Frigga played a round of Would You Rather for her Thursday Thirteen last week. It’s such a rad idea I decided to try it this week with an extra twist. I’ve asked Maxine Dangerous thirteen Would You Rather questions and she’s asked me thirteen as well. We must answer each question and death is not an option.
And now for the questions she asked me and my answers. Would you rather…
- …drive naked to work during rush hour or roller skate topless down a busy city street?
- I love to roller skate but modesty wins out here. True, if all the traffic is moving slowly, other drivers could peek into the Goose and see my bits but I think I could slouch and contort enough to maintain a modicum of dignity.
- …eat bull testicles on Fear Factor or goat penis on Survivor?
- I’d hoped to live a long, fulfilling life free of goat and bull genitalia but since I have to pick, I’ll go with the goat pee pee on Survivor because at least I’d get to travel to a cool, exotic location. (Please God don’t let my season be Survivor: Utah.)
- (You’re desperate for cash.) …someone accidentally drop their cash-filled wallet ahead of you in a store or do something morally repugnant (to you) for extra money, knowing there will be witnesses at both events?
- Definitely the wallet option. I think being “desperate for cash” makes my thievery a little less heinous (moral relativism!) and I’d make a point to spend the money on necessities rather than smokes and lottery tickets.
- …be a fugitive constantly on the run or a highly-disliked celebrity often in the public eye?
- I’ve thought about how stressful and overwhelming it must be for Brit and Paris but I’d rather live that life than make like Harrison Ford in The Fugitive. I have no desire to grow a beard or run a lot.
- …be a featured columnist for a magazine about fly-fishing or ice-fishing?
- Fly fishing. If I have to write about an obscure sport, I’d rather it be a warm weather one.
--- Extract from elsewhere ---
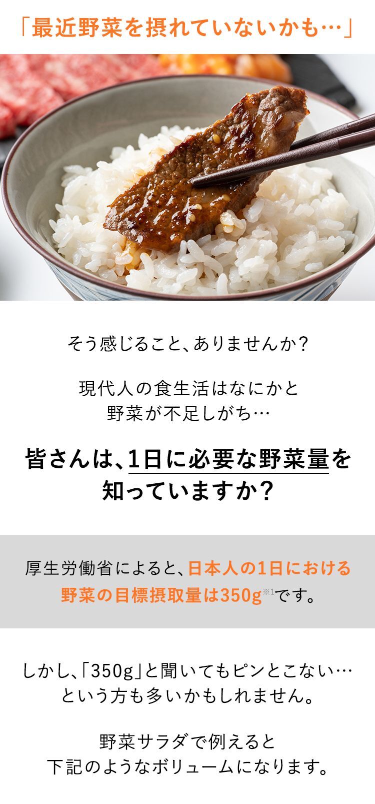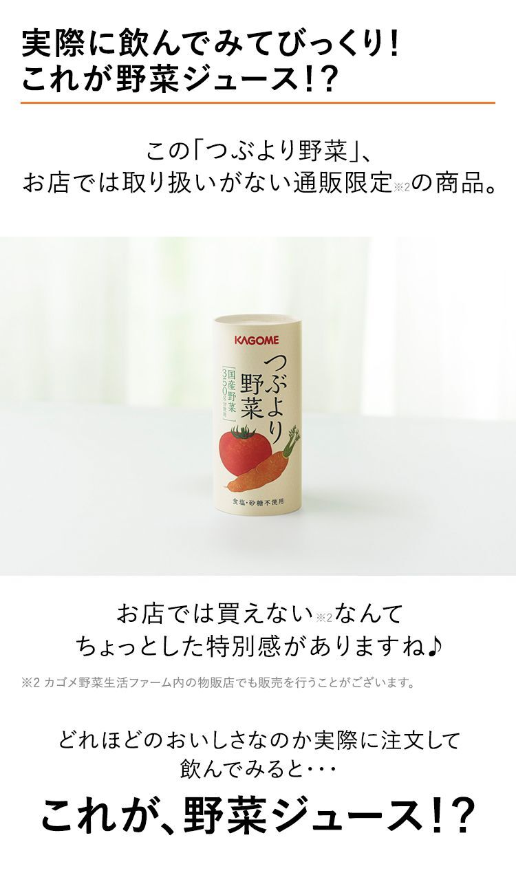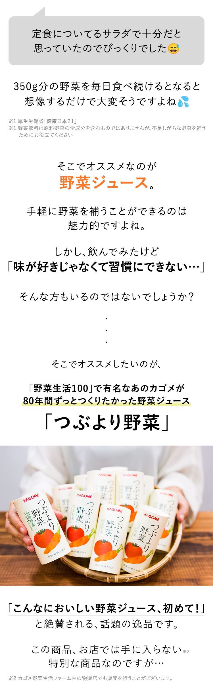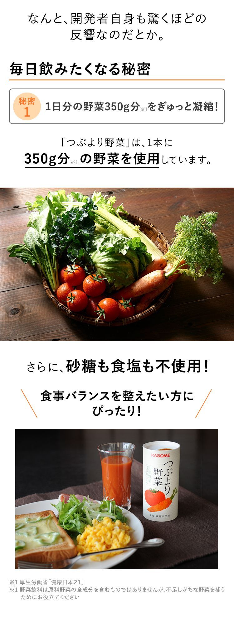 (※1) 厚生労働省「健康日本21」野菜飲料は原料野菜の全成分を含むものではありませんが、不足しがちな野菜を補うためにお役立てください

- …live in a tent or a mobile home for the next year?
- This is a good one because I enjoy the outdoors but am definitely not an Eco-Challenge kind of girl. Conversely the mere suggestion of trailer livin’ makes me shudder. I think I’d go for the trailer and totally rebuff everyone’s notions of mobile home folk. WE’RE PEOPLE TOO!
- …be a co-star of someone on Xena: Warrior Princess or Battlestar Galactica?
- I’ve never seen BG. (I think Ern likes it?) The snippets I’ve seen of Xena are so ridiculous and satirical, I’d choose it for my cameo. Might be fun! I’d insist my character wear a fancy dress of tropical blooms and flitter about, lazily plucking ripe fruits from overflowing baskets carried by oiled menservants. Wait, what was the question?
- …smooch on Sean Connery or Paul Newman?
- You don’t know this about me but I ♥ Sean Connery. LOVE. It would be a little odd to lock lips with an oldie but I’d just close my eyes, enjoy his accent, and picture James Bond on the beach in Dr. No. (P.S. The soundtrack from that movie ROCKS!)
- …sell, by phone, insurance or flooring?
- Flooring seems less depressing.
- …work a low-level position at Long John Silver’s or Red Lobster?
- I think I’d parlay “the seafood lover” in me.
- …be a bamboo plant or a eucalyptus tree?
- Bamboo – it’s so incredible and interesting. It’s strong, has tons of uses, and I love that you can train it to grow in certain ways. The good luck associated with it is enchanting and don’t forget that cutie pandas eat it too.
- …confront strangers about their smoking habits or wear, in public, a shirt with a swastika on the front?
- I’ll confront the smokers. I recognize that in a way I’d be infringing on their rights. I’m sure it would be awkward but I want absolutely nothing to do with swastikas.
- …clean up a crime scene or an operating room?
- Operating room without a doubt. All that CSI jazz scares the hell out of me and makes me so uncomfortable and disconcerted about the world. Puppies, kittens, candy. Puppies, kittens, candy…
Fun! You’re welcome to answer either set of questions. Just leave a link in the comments.